### TASK BRIEF
In the material below, pictures must be dropped. Repeat exactly, and only, the lines from the line with "(….δυσανάγνωστες λέξεις….) θα" to the line with "随着阿森纳41维拉+曼联11爆冷!英超最新积分榜:切尔西掉队", both ends included.

### DATASET CONTENT
━━━━━━━━
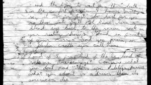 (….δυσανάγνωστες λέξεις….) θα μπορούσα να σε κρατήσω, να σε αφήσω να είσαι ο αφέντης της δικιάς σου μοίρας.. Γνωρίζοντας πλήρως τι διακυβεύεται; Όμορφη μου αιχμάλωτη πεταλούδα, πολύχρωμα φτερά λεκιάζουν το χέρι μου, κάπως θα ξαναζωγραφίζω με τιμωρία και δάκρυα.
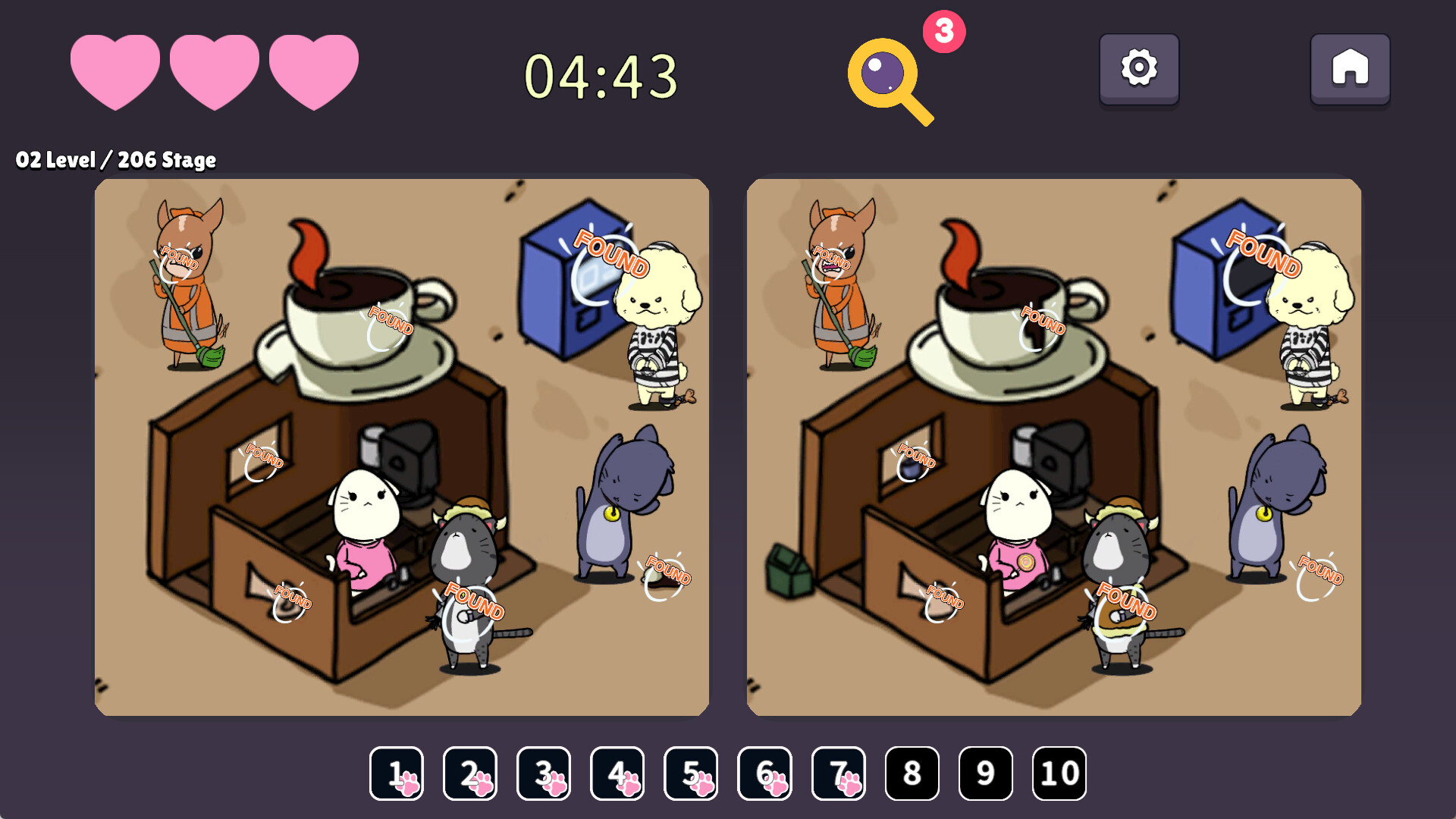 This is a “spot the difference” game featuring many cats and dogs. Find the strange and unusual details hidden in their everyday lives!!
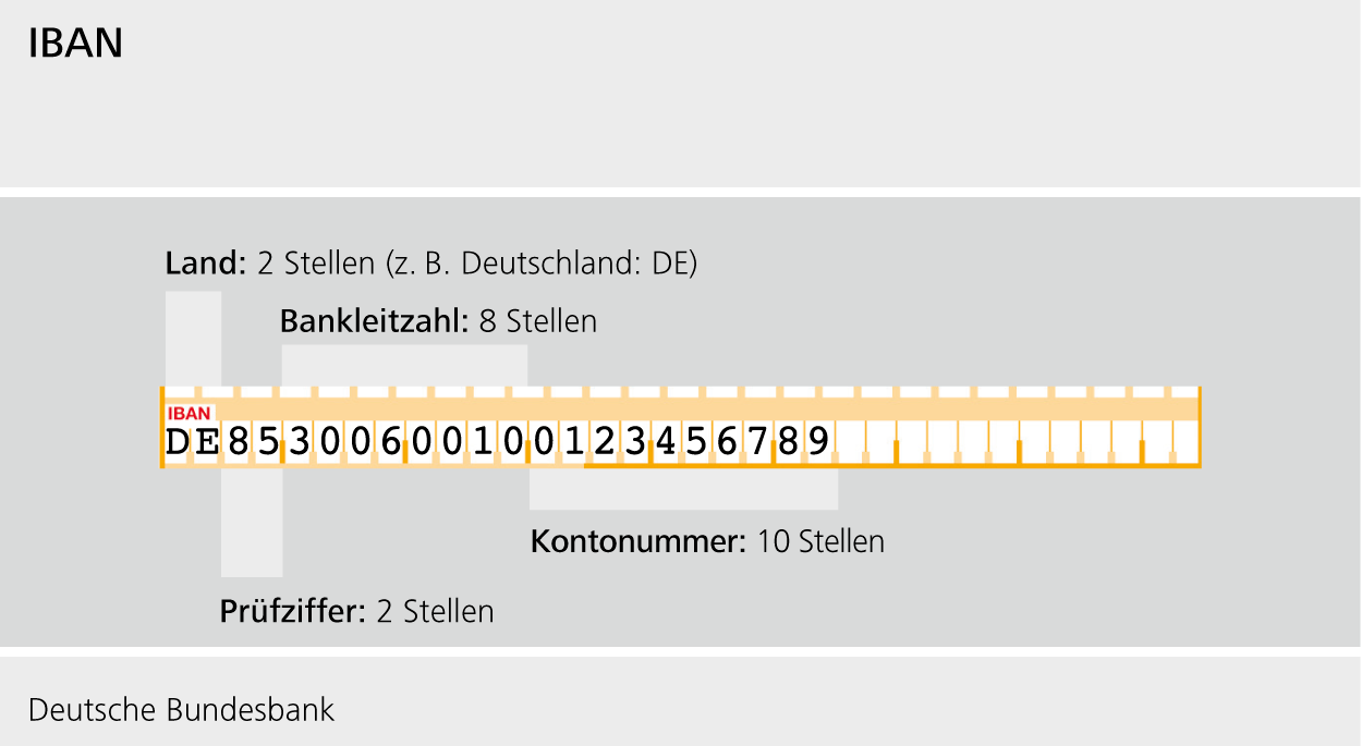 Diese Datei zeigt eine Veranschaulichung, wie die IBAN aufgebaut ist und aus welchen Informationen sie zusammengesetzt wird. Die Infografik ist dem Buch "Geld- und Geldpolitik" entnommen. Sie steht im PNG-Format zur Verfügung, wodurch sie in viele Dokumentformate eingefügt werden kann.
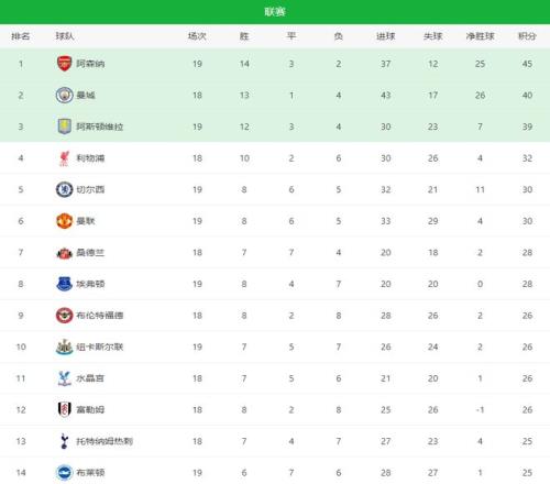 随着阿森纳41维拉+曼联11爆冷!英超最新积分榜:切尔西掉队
━━━━━━━━
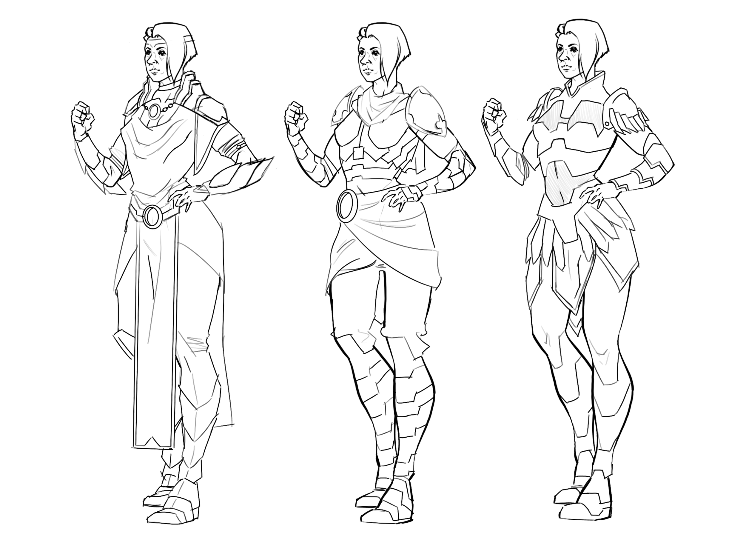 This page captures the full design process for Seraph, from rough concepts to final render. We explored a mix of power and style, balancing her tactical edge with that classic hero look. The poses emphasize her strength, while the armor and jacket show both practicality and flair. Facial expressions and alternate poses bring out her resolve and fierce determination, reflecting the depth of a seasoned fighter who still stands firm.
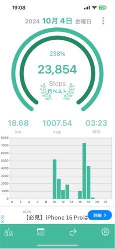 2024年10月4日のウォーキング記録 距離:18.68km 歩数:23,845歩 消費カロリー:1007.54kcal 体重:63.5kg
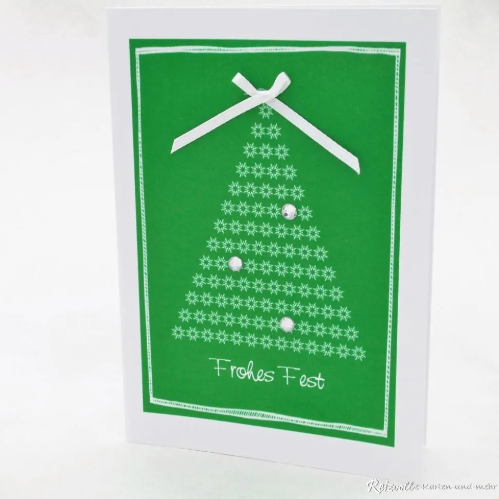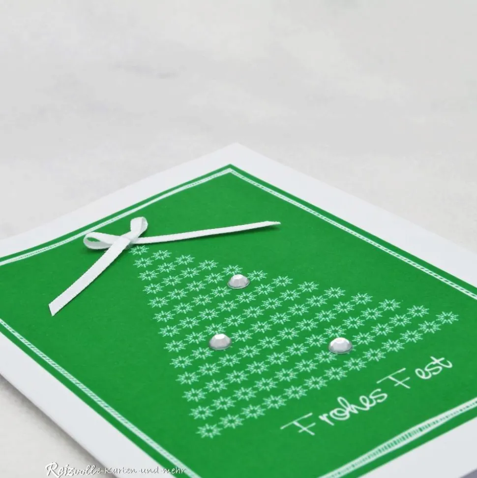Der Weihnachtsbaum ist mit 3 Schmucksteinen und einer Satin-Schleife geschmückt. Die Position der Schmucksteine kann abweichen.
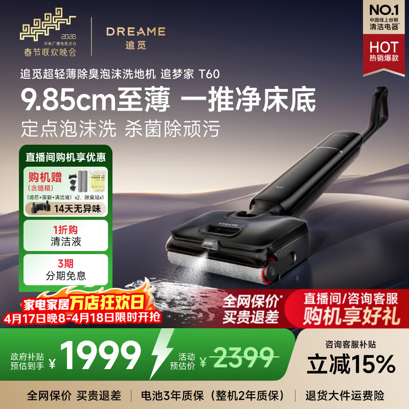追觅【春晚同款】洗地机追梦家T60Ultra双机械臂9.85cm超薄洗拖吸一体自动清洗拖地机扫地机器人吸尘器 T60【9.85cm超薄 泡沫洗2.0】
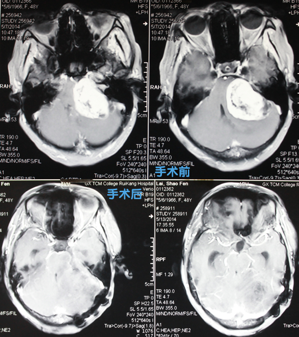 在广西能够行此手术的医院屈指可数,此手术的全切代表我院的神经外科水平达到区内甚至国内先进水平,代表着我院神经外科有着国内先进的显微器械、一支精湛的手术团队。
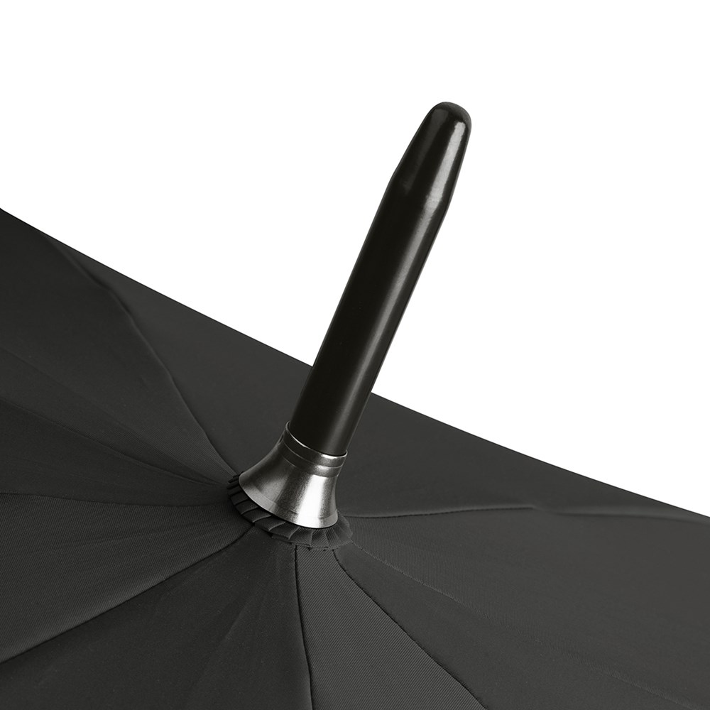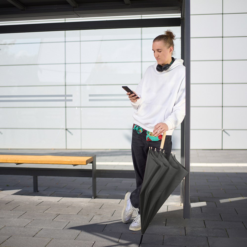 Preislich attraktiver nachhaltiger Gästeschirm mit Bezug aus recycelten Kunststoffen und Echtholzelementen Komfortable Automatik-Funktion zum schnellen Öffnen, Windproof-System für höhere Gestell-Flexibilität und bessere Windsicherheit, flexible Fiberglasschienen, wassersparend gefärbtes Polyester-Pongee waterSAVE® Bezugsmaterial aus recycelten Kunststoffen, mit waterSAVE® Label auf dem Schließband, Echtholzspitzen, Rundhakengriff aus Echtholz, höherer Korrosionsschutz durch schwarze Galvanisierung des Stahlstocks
━━━━━━━━
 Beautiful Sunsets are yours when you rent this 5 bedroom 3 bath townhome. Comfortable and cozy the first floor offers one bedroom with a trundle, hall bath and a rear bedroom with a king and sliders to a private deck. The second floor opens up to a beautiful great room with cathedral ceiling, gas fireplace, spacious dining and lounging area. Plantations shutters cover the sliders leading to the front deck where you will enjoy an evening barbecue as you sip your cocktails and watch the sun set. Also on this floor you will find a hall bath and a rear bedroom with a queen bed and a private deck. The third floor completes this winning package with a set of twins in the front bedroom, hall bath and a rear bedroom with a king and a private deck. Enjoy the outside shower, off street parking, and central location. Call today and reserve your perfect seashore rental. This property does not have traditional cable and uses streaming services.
━━━━━━━━
### ANSWER TO THIS TASK
 (….δυσανάγνωστες λέξεις….) θα μπορούσα να σε κρατήσω, να σε αφήσω να είσαι ο αφέντης της δικιάς σου μοίρας.. Γνωρίζοντας πλήρως τι διακυβεύεται; Όμορφη μου αιχμάλωτη πεταλούδα, πολύχρωμα φτερά λεκιάζουν το χέρι μου, κάπως θα ξαναζωγραφίζω με τιμωρία και δάκρυα.
 This is a “spot the difference” game featuring many cats and dogs. Find the strange and unusual details hidden in their everyday lives!!
 Diese Datei zeigt eine Veranschaulichung, wie die IBAN aufgebaut ist und aus welchen Informationen sie zusammengesetzt wird. Die Infografik ist dem Buch "Geld- und Geldpolitik" entnommen. Sie steht im PNG-Format zur Verfügung, wodurch sie in viele Dokumentformate eingefügt werden kann.
 随着阿森纳41维拉+曼联11爆冷!英超最新积分榜:切尔西掉队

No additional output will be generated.